In addition to this patch, list/list-rdf.rdf.tmpl would need renaming to
list/list.rdf.tmpl, removing the redundancy. It would then be requested with
"ctype=rdf". This is the only file whose name doesn't fit the new mechanism.

Bug 150049 is a meta-bug for template format improvements. It has five
dependencies, including this bug. Here is the impact on the other four:

Bug 140513 - fixed (pass "txt" as the third parameter)
Bug 143604 - fixed (ctype=html does a no-op)
Bug 148133 - fixed (it now returns text/plain if the ctype is not found, which
		    seems reasonable)
Bug 149061 - not fixed. It's outside the scope.

Gerv
(Reporter)

Comment 9

15 years ago
Comment on attachment 98718 [details] [diff] [review]
Patch v.1

>Index: globals.pl

>@@ -1515,119 +1515,27 @@

+    my ($templatename, $format, $ctype) = @_;

Nit: "name" is redundant in "templatename".

>+    return 
>+    { 
>+        'template'    => $templatename , 
>+        'extension'   => $ctype , 
>+        'contenttype' => $::contenttypes->{$ctype} || "text/plain" , 

Nit: It would make sense to change the name of the "contenttype" property 
to "ctype" since that's what we now use in the URL and in this function.


>@@ -202,12 +202,14 @@

>+my $format = GetFormat("reports/duplicates", 
>+                       $::FORM{'format'}, 
>+                       $::FORM{'ctype'});

Nit: better as

my $format = 
  GetFormat("reports/duplicates", $::FORM{'format'}, $::FORM{'ctype'});


>Index: enter_bug.cgi

>@@ -382,8 +382,10 @@

>+my $format = GetFormat("bug/create/create", 
>+                       $::FORM{'format'}, 
>+                       $::FORM{'ctype'});

See previous nit.


>Index: query.cgi

>@@ -363,7 +363,7 @@

+print "$format->{'contenttype'}\n\n";

-> print "Content-Type: $format->{'contenttype'}\n\n";

Are you going to create a separate patch to convert list-rdf.rdf.tmpl?
Attachment #98718 - Flags: review-
So what if someone passes 'format=blah' into the script, where blahis not a
valid format?
(Assignee)

Comment 11

15 years ago
-> me. I haven't beeng getting mail on this bug :-(

Gerv
Assignee: justdave → gerv
(Assignee)

Comment 12

15 years ago
Created attachment 99441 [details] [diff] [review]
Patch v.2

Here's version 2, with Myk's comments addressed.
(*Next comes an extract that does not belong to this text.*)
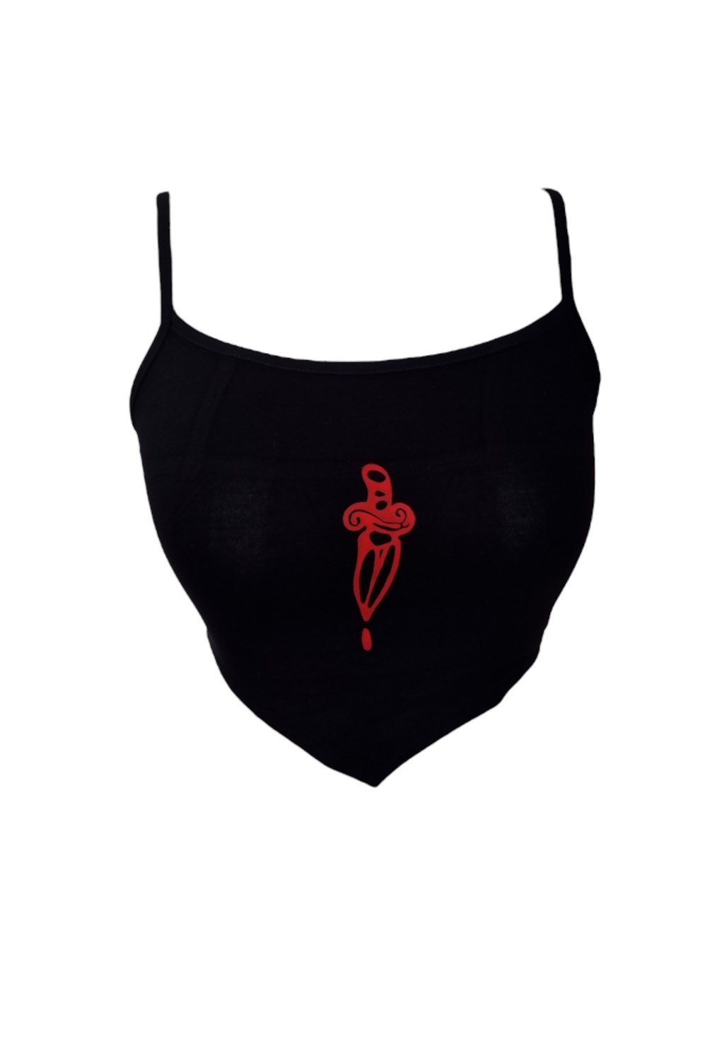 Our blouse model is our own production with special digital printing, thin straps and black colour.

> So what if someone passes 'format=blah' into the script, where blahis not a
> valid format?

You get a standard "template not found" error. But I think this is reasonable -
the UI should only allow people to choose valid formats. Of course you can
define an invalid one by editing URLs, but you can create errors by editing
URLs all over Bugzilla. Nothing nasty or insecure happens.

Gerv
Attachment #84999 - Attachment is obsolete: true
Attachment #98718 - Attachment is obsolete: true
Yes, but currently you get told that, rather than the ThrowTemplateError that
you'll now get.

If ctype/format are wrong, then you should throw an error/die rather than
silently accept it, I think
(Assignee)

Comment 14

15 years ago
> If ctype/format are wrong, then you should throw an error/die rather than
> silently accept it, I think

The current patch lets Template Toolkit look for the file which ctype and/or
format defines, and throws an error if it's not found. The only other thing we
could do would be what happened previously - i.e. to replicate that process, and
throw an error if it's not found before we get to TT. I don't think we gain much
by throwing the error earlier, apart from the fact that we say "dodgy
format/ctype" instead of "template not found". And it means we have to duplicate
the code TT has for tracking down template files.

Gerv
Hmm. I guess I'm convinced, as long as the template error message mentions the
template/format/etc name somewhere in there, so that an admin can diagnose it. I
think it will, since its actually a template name by the time TT gets to it.

What about the silent detainting?
(Assignee)

Comment 16

15 years ago
> What about the silent detainting?

I don't quite understand... The ctype and format parameters are checked:

+    # Security - allow letters and a hyphen only
+    $ctype =~ s/[^a-zA-Z\-]//g;
+    $format =~ s/[^a-zA-Z\-]//g;

Is that what you mean?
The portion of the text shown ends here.